The answer is to be the lines below that lie between the line holding "JON BULL: Yo" and the line holding "-I tak przyjmowanych", inclusive, transcribed exactly and free of pictures.

Segment Start: RECORDS PROVIDED

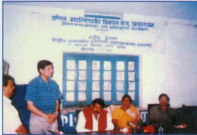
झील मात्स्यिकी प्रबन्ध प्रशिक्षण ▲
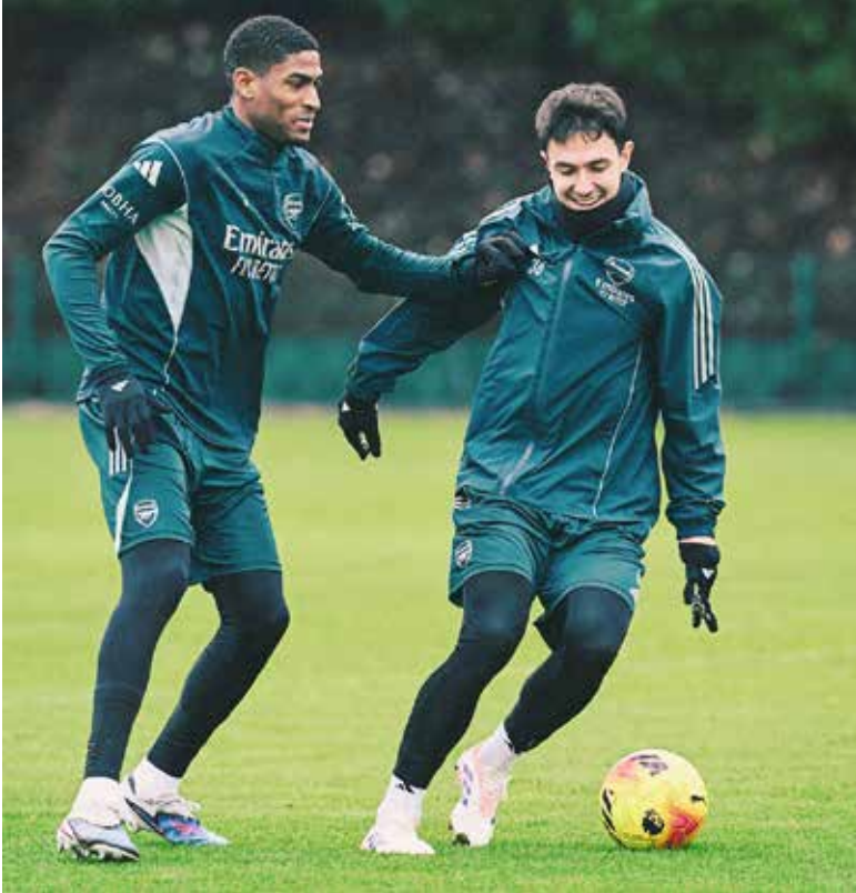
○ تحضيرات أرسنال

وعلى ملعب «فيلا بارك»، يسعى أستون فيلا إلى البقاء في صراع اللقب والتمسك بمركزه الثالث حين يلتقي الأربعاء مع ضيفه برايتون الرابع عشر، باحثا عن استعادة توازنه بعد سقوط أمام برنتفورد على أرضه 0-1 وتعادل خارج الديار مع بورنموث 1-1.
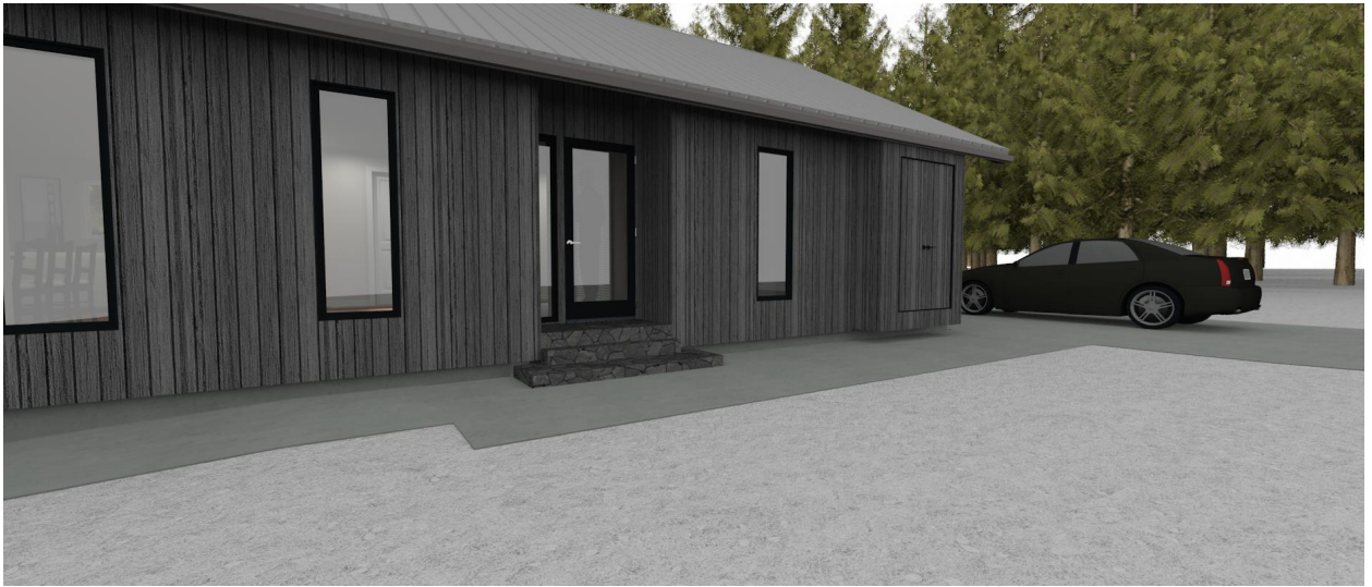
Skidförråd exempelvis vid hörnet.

Segment End: RECORDS PROVIDED
Segment Start: RECORDS PROVIDED

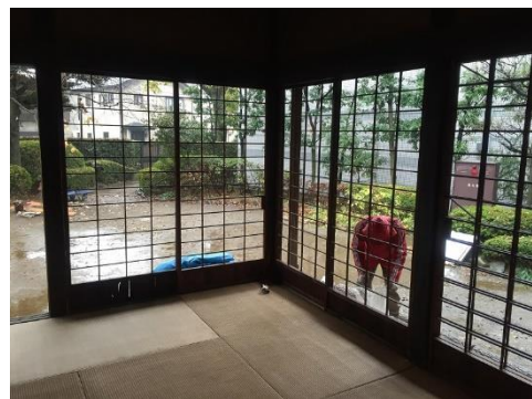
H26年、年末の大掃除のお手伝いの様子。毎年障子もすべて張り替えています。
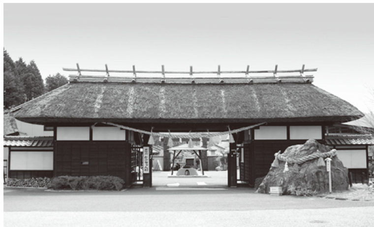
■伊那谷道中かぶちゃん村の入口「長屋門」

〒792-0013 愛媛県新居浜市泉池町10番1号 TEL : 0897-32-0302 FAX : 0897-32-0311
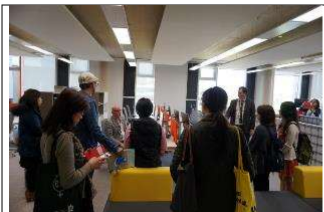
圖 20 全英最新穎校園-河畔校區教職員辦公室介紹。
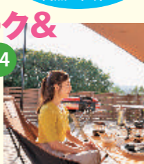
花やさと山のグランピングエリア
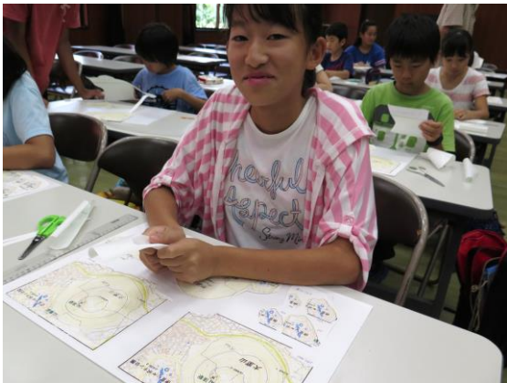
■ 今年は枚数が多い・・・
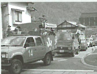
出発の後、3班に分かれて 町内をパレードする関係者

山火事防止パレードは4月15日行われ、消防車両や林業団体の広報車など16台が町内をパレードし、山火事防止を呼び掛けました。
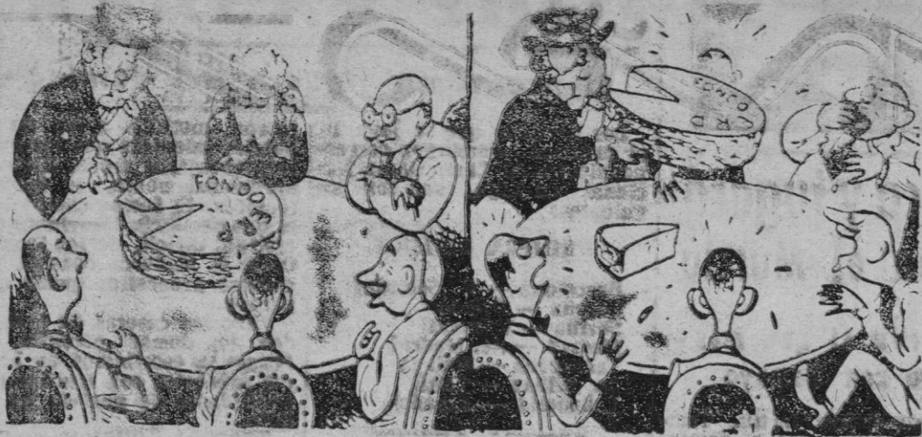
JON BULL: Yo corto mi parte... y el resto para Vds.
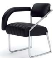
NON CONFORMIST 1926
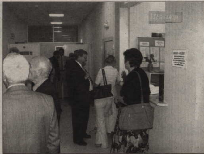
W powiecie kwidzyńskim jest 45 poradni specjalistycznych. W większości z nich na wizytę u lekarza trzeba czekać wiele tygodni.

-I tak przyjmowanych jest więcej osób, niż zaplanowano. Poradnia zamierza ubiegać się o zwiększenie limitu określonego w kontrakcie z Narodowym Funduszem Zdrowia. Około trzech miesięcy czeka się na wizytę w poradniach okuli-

Segment End: RECORDS PROVIDED

WRITTEN SOLUTION.
JON BULL: Yo corto mi parte... y el resto para Vds.
NON CONFORMIST 1926
W powiecie kwidzyńskim jest 45 poradni specjalistycznych. W większości z nich na wizytę u lekarza trzeba czekać wiele tygodni.

-I tak przyjmowanych jest więcej osób, niż zaplanowano. Poradnia zamierza ubiegać się o zwiększenie limitu określonego w kontrakcie z Narodowym Funduszem Zdrowia. Około trzech miesięcy czeka się na wizytę w poradniach okuli-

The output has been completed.